For a Counterpunch story on Murray Bookchin see:

http://www.counterpunch.org/tokar07312006.html

Sunday, July 30, 2006

More Israeli Anti-War Marches

The following report from Israeli Anarchists on a second Tel-Aviv march:

The Call:
Women against the War -- A Women's Demonstration (dressed in black) Stop the War! Stop the occupation! Stop killing civilians! Negotiate now! Exchange prisoners! The march will start at Rabin Square in Tel Aviv on Saturday 29 July at 18:30 and reach Maxim Square at Ben Zion Blvd.

Groups Involved:

Women against the War – Coalition of Women for Peace, Ahoti, Aswat, Bat Shalom,Women in Black, FORA, TANDI, Women against Violence, Altafula, New Profile, TheFifth Mother, WILPF, NELED, Beit Nashim Feministi, Ittihad El-Maraa El-Takdumi, Kian Feminist Organization, Women’s Council-Kufar Kar’a

The Demonstration:
In a corner of the municipal square, women and men in black from all over the
country converged. A contingent of anarchists - previously met for preparations at the anarchist bookstore Salon Mazal arrived as a block - with pink ribbons to make us more visible in a black clad mass of people. We held up our flags and banners chanted and made our noise rhythm "orchestra" in a short march across the huge square to were the people were converging.

After a while, the demonstration started with about 1,500 people chanting, holding banners and placards and flags marched along the Khen and Ben Zion boulevards.

Among the marchers the anarchist bloc was a lively part, with about 100 people
stopping from time to time (mainly in intersection) to dance and chant.

Time and again, the nervous police officers prodded us to shorten the ritual
and continue marching, but no one arrested.

After reaching the end of the route, a few women activists gave speeches
and then the demo was declared as ended.
From
http://ainfos.ca/cgi-bin/mailman/listinfo/a-infos-en

Thursday, July 27, 2006

The Money Cultures Imbecile Apprentices (1)

Dr.

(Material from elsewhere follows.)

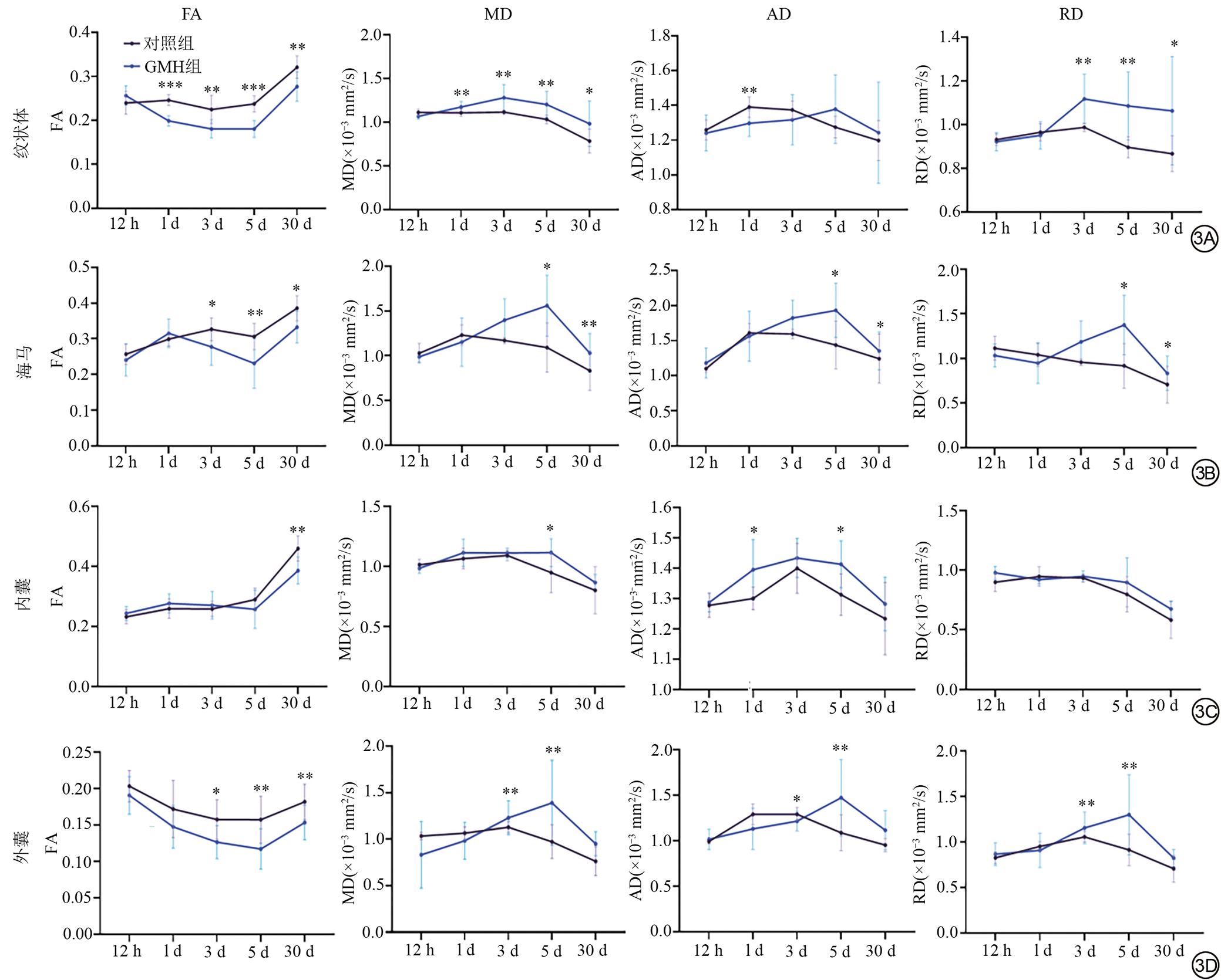 图3  损伤核心及邻近脑区白质DTI参数的动态演变。于GMH后12 h、1、3、5及30 d,分别检测双侧纹状体(3A)、海马(3B)、内囊(3C)、外囊(3D)四个脑区的FA、MD、AD和RD数值(n = 10)。*:P<0.05;**:P<0.01;***:P<0.001。DTI:扩散张量成像;GMH:生发基质出血;FA:各向异性分数;MD:平均扩散率;AD:轴向扩散率;RD:径向扩散率。

Luciana Bohne is a professor of Literature and Cinema at a university in Pennsylvania. She is totally shocked by the ignorance of her students and wonders why basic knowledge of geography, history, philosophy, are “totally lacking from their studies”. One of her students claims that “she never reads” - this from someone taking a literature course. The students don't know how to write an essay, so Dr. Bohne has to teach them that. The first book on the course list is Isabelle Allende's “Love and Shadows”, for those of you unfamiliar with this novel it is set during the Pinochet coup. No one in the class knew where Chile was, so she had to photocopy information for them. No one had any idea what socialism and fascism are and she had to spend valuable time teaching them this. Not one student was familiar with Plato's “Myth of the Cave” a metaphor necessary to understand the novel. More time wasted. No one had heard of the Sept. 11 1973 Coup and were viably shocked when Dr. Bohne handed out photocopies of declassified CIA documents showing US involvement.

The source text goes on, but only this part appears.